British officials say that Google will be audited and must promise not to violate the law again, but will not be fined. The move comes as Canada, Spain and, most recently, Italy are scrutinizing the California company.
Google first announced the collection of data in May
In an announcement Wednesday, British data protection authorities said there was a "significant breach of the Data Protection Act" and that Google UK would be subject to an audit. Further, it added, the company must promise that similar data breaches do not occur again.
The UK authorities had once again taken up the privacy case against Google late last month after Google had revealed further details that it had obtained "WiFi data." That data included passwords and e-mails while Google was sending cars along British streets and in other countries for its Street View service.
Earlier this year, the Information Commissioner's Office (ICO) had said that it had found "no wrongdoing" on Google's part, but re-opened an investigation last week.
"It is my view that the collection of this information was not fair or lawful and constitutes a significant breach of the first principle of the Data Protection Act," said Christopher Graham, the UK information commissioner, in a statement published Wednesday on the ICO's website.
"The most appropriate and proportionate regulatory action in these circumstances is to get written legal assurance from Google that this will not happen again – and to follow this up with an ICO audit."
The ICO elaborated that it had declined to seek monetary damages against the Silicon Valley company as it would have been too legally difficult to prove.
"Monetary penalties can only be served when a strict set of criteria is satisfied, including that the breach was likely to cause substantial harm or substantial distress – this alone would be very hard to prove in this case," wrote Kirsty McCaskill, an ICO spokesperson, in a statement provided to Deutsche Welle. "The vast majority of the pay-load data was also collected prior to 6 April 2010, before our new powers came into force.”
The vehicles used to create Street View inadvertantly collected the data Google says
Google has admitted guilt
In a written statement also provided to Deutsche Welle, Peter Fleischer, Google's global privacy counsel said that the company had made a mistake.
"We are profoundly sorry for mistakenly collecting payload data in the UK from unencrypted wireless networks," he wrote. "Since we announced our mistake in May we have cooperated closely with the ICO and worked to improve our internal controls. As we have said before, we did not want this data, have never used any of it in our products or services, and have sought to delete it as quickly as possible. We are in the process of confirming that there are no outstanding legal obligations upon us to retain the data, and will then ensure that it is quickly and safely deleted."
Previously, as recently as October 22, Google officials have apologized for the mistake and said that it would be changing its policies.

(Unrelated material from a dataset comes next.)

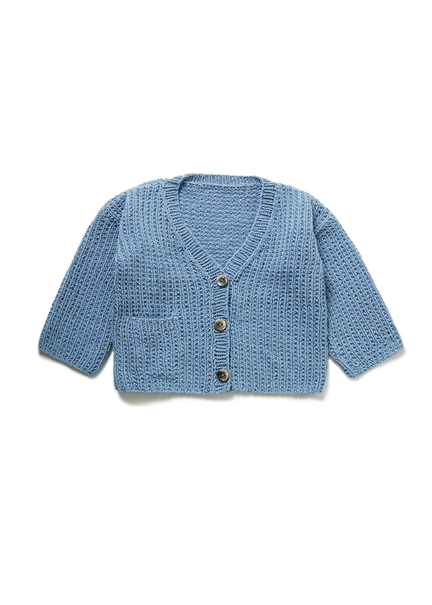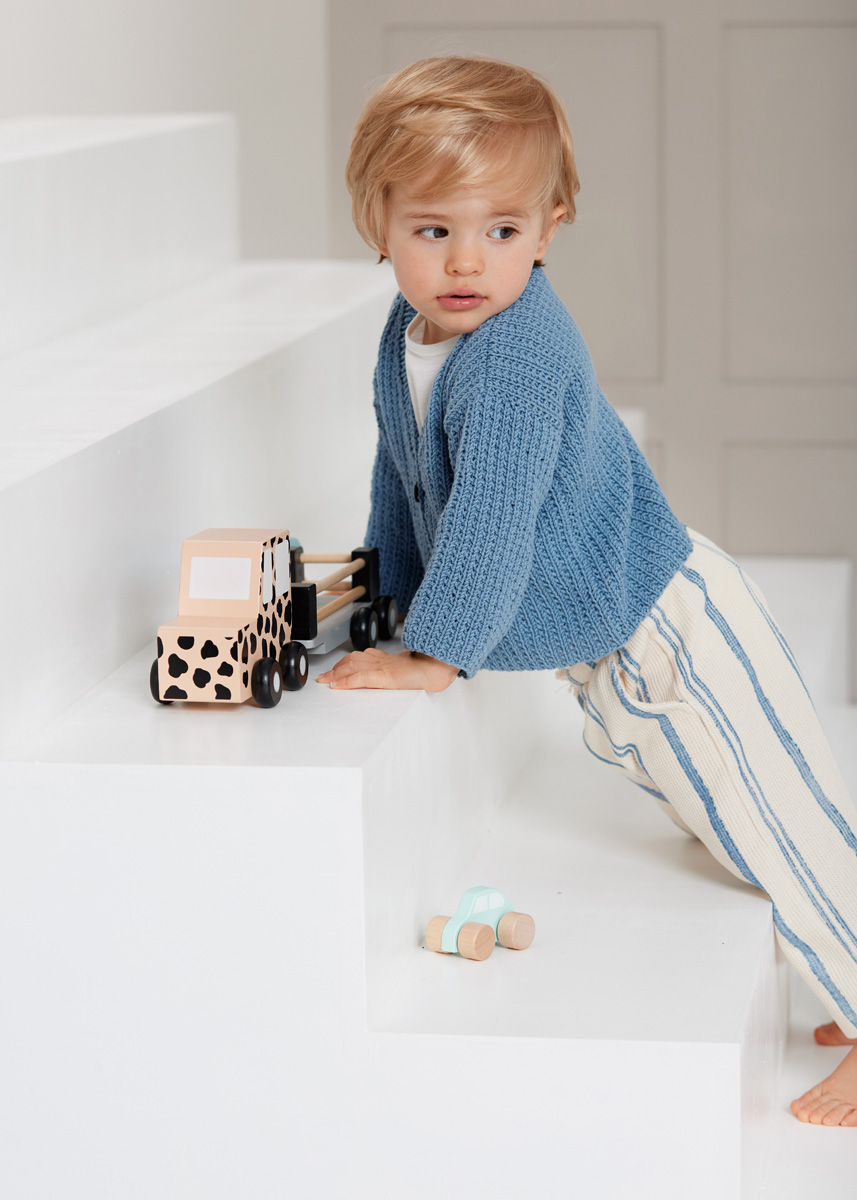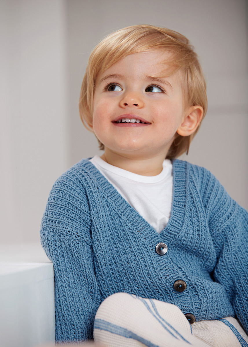 Lana Grossa-Qualität „Elastico“ (96 % Baumwolle, 4 % Polyester (Elité); Lauflänge = 160 m/50 g): 100 (150/150/200) g Rauchblau (Fb 142); je eine Rundstricknadel 3,5 mm und 4 mm; 3 Knöpfe mit 15 mm Ø.

"We are mortified by what happened, but confident that these changes to our processes and structure will significantly improve our internal privacy and security practices for the benefit of all our users," wrote Alan Eustace, Google's senior vice president of engineering and research, in a post published on October 22 on Google's public policy blog.
The American Federal Trade Commission decided last week to drop its investigation against Google, while in recent weeks, similar government agencies in Italy, Canada and Spain have all pursued action against the company. The investigations worldwide began earlier this year after German authorities in Hamburg discovered the payload data in one of Google's vehicles, and they are continuing to investigate as well.